RE: Alternative to the Live NodeIterator from David Brownell on 1998-05-01 (www-dom@w3.org from April to June 1998)

From: David Brownell <David.Brownell@Eng.Sun.COM>
Date: Fri, 1 May 1998 16:05:53 -0700
To: peter@sqwest.bc.ca
Cc: www-dom@w3.org
Message-Id: <199805012305.QAA25244@argon.eng.sun.com>
Peter,

Node iterator has been a wakeup for me too ... :-)

See solution #4 that I propose below.  The rest of this picks at
some of the details of why I think other solutions are flawed.


> >> Right. Some object -- and the document tree is a logical choice -- must
> >> maintain a reference to iterators.
> >
> >This seems to derive from the need to be able to identify some
> >abstract position "between" iterated nodes.  If the iterator had
> >a "current node", I don't think such a reference would ever be
> >needed, since simple algorithms would suffice to always find
> >the next/previous/first/last nodes and, for tree iterators, the
> >firstchild/nextchild/firstsibling/nexsibling nodes.
>
> I don't understand this. Maybe I haven't woken up yet this morning
> -- see my reply to your next point, below, for proof -- but it
> seems to me that whether you are "between" nodes or "on" a node
> doesn't affect the underlying implementation much.

It does, because it affects the complexity of the representation
and its ability to be stable in the face of mutations to the tree.


>	In other words,
> the iterator can contain a reference to a node and information
> about its position relative to that node.

True ... so, which node will it refer to?  The document root?  The
previous node (which could be deleted)?  The next node (which could
also be deleted)?  First or last node (same story)?  It's not an
option to refer to a "current" node according to the current definition
of NodeIterator ... since it must be "between" nodes.

Of those nodes, the only node that seems like it's guaranteed to be there
is the document root.  You might use path style positioning: the third
child of root, then second child, then twentieth, then first. OK, now
someone deletes the second child of the root ... whoops, that path was
invalidated, and the algorithm to fix up that path isn't very obvious at
all.  Error prone is more like it!  Similar problems with other kinds
of positioning info.

The problem of updating that relative positioning info goes away if
iterators have a "current" node.  No fuss, no bother.  No information
about position relative to that node, needing to be stored or updated.

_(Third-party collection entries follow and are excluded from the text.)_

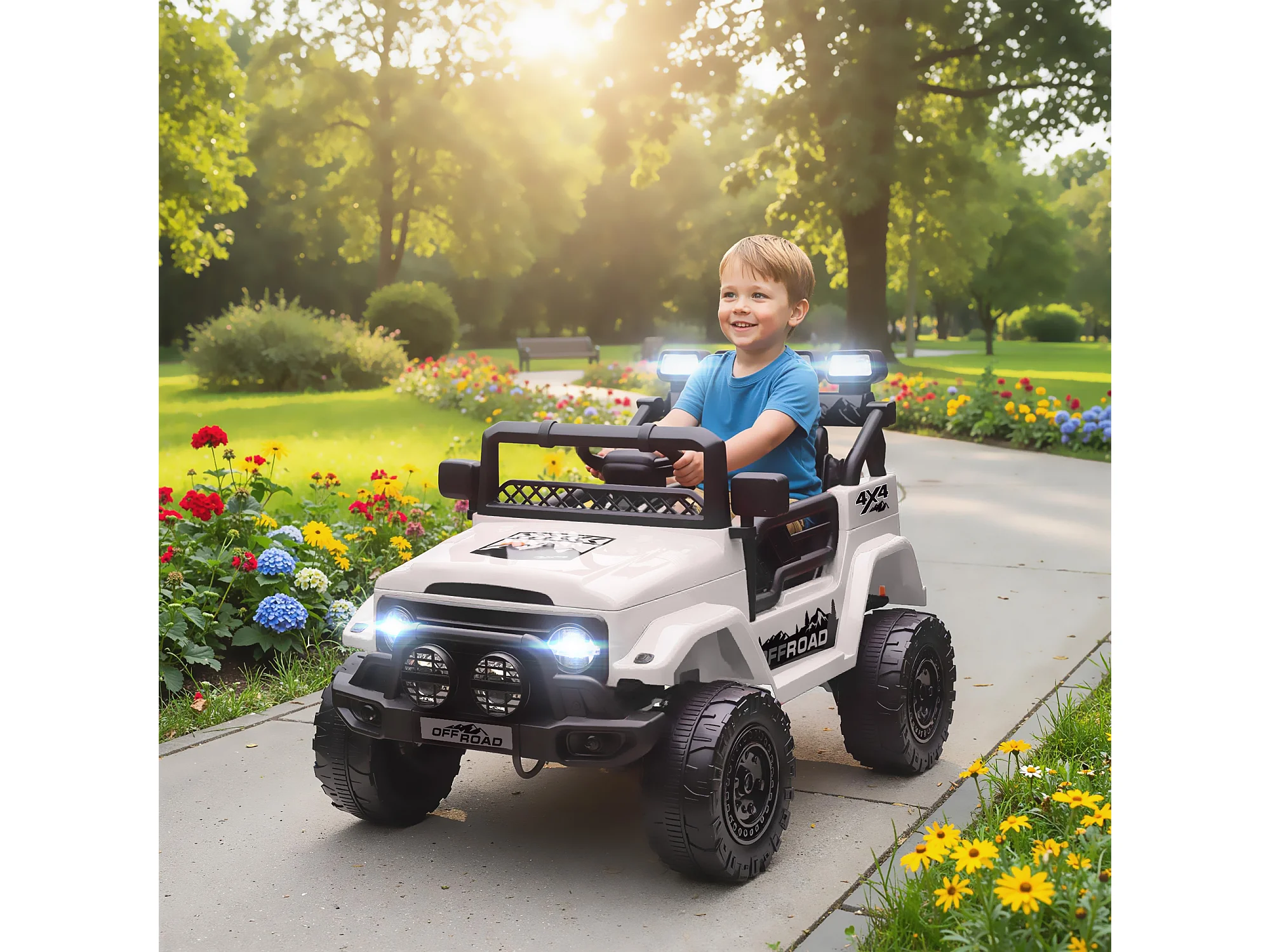 Fuoristrada per bambini con fanali, clacson e cintura bianco
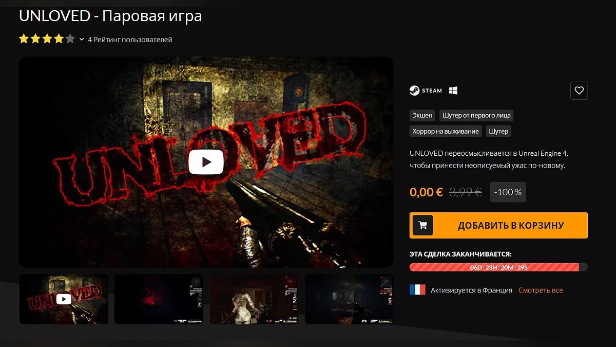 Стартовала новая бесплатная раздача игры для Steam. Речь идет о шутера от первого лица с элементами хоррора под названием UNLOVED, который получил очень положительные отзывы от геймеров (рейтинг 80% на момент написания новости).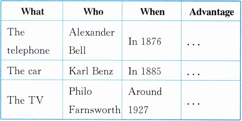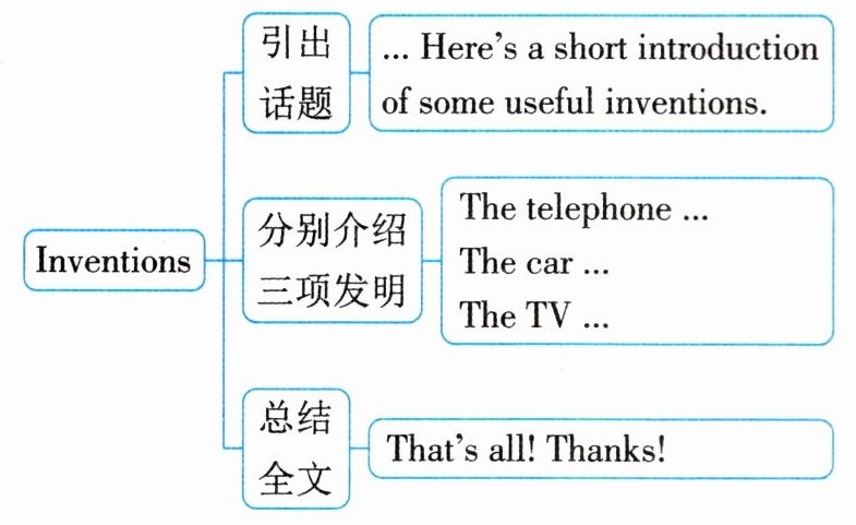 ③ 在写作时,第一步引出话题;第二步分别介绍电话、汽车和电视的发明者、发明时间和使用价值;第三步总结全文。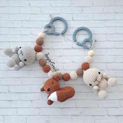 Pram mobile with crocheted toys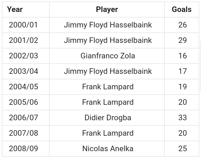 Chelsea Fc Top Scorers Of All Time All Competitions By Season Opera News Chelsea Players Premier League Era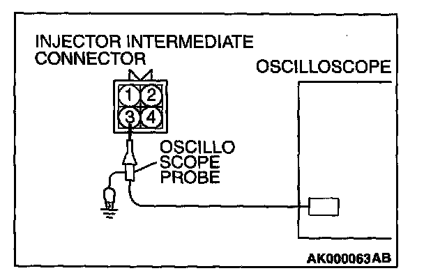 2. Connect the oscilloscope probe to each injector intermediate connector terminal to oscilloscope each cylinder: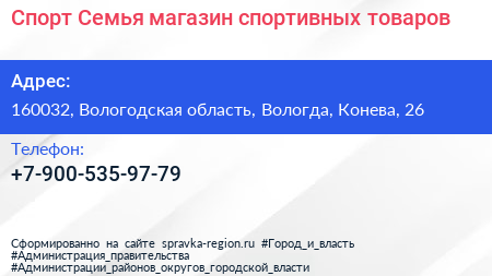 Спорт Семья, магазин спортивных товаров по адресу 160032, Вологодская область, Вологда, Конева, 26 в дальнейшем Организация, размещена в следующих категориях: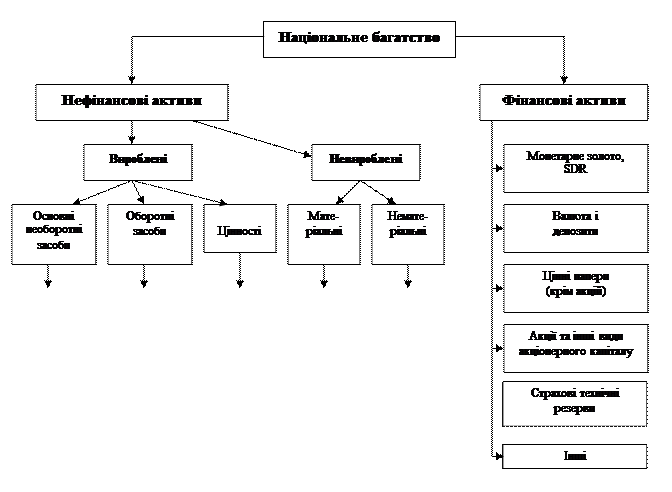 В системі національного рахівництва для характеристики національного багатства застосовується термін „економічні активи”. Під активами розуміється все те, що використовується в господарській діяльності і може приносити, забезпечувати їх власникам економічні вигоди. Економічні активи поділяються на фінансові та не фінансові. В складі нефінансових активів виділяють вироблені (створені) та невироблені нефінансові активи.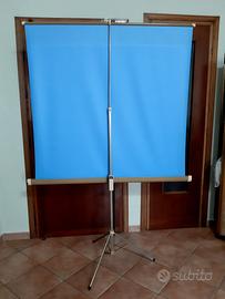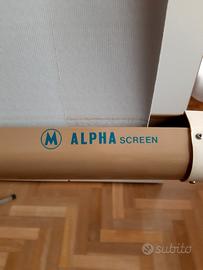 Schermo di proiezione VIDEO/DIAPOSITIVE marca: "ALPHA- SCREEN" ,completamente ripiegabile di comodo trasporto. La superficie di proiezione è bianca perlinata, nella quale,è presente un piccolo difetto (diam. 1cm)di mancata perlinatura.

> >Is anyone claiming that the indexed access model makes sense on
> >a live NodeIterator, by the way?
>
> Depends on what you mean by "makes sense." I claim the behaviour can
> be defined and implemented. Will it always be useful? No.

What'd "make sense" is for the indexed model to have a stable semantic:
one index always returns the same value.  Without that, why have it?

I don't see a way to do this when the tree is "live" and mutating.
Applications basically can't store indices without a way to update them
after each editing operation.  Makes a lot more sense to just store the
node, rather than its index, since that won't get invalidated!  (The cost
is commonly a bit better:  the pointer costs the same as the index, but
having it in hand eliminates a what's often a complex dereferencing
operation to count to the Nth member from the beginning.)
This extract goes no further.